Posted on August 8, 2022

Berating the U.S. Army Corps of Engineers is one of our favorite spectator sports here in Louisiana, especially since the disastrous flooding of Hurricane Katrina, 17 years ago this month.

Corps engineers have been unpopular ever since. Maybe not as unpopular as NFL referees, but that’s a pretty low bar.

So let’s take a minute to appreciate that the Corps has done something remarkable for New Orleans and Baton Rouge: Keep the Mississippi River from changing course and heading down the Atchafalaya basin, shortening its trip southward toward the Gulf of Mexico.

Over millennia, the Mississippi has shifted several times, seeking new routes to the Gulf as old riverbeds became clogged with silt. But with so much commerce and development dependent upon the river, the Corps was tasked with keeping the Father of Waters on its current path — hopefully in perpetuity.

The agency has kept its promise for more than a half century, thanks to an archipelago of dams and gates and floodways called the Old River Control Structure. The complex distributes river water so that 30% flows through the Atchafalaya and the rest down the traditional Mississippi River path. That was the distribution of river water in 1950, and Congress ordered the Corps to keep it that way.
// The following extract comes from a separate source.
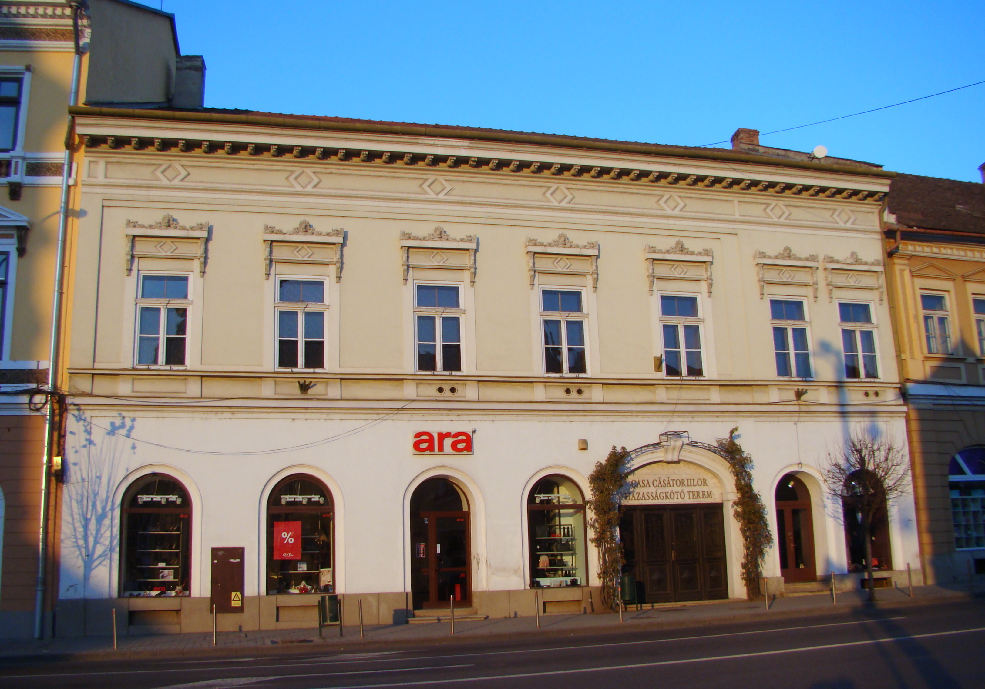 Kárnász house in Târgu Mureș, Piața Petöfi Sándor 2

Now, the Corps is planning an extensive inspection of the complex to ensure that it continues to do its job for years to come.

The Mississippi drains all or parts of 32 states and two Canadian provinces — the fourth largest watershed in the world — and keeping all that water where it belongs is an accomplishment worth boasting about.

The Corps does that for us, and that’s a lot more help than we get from NFL referees.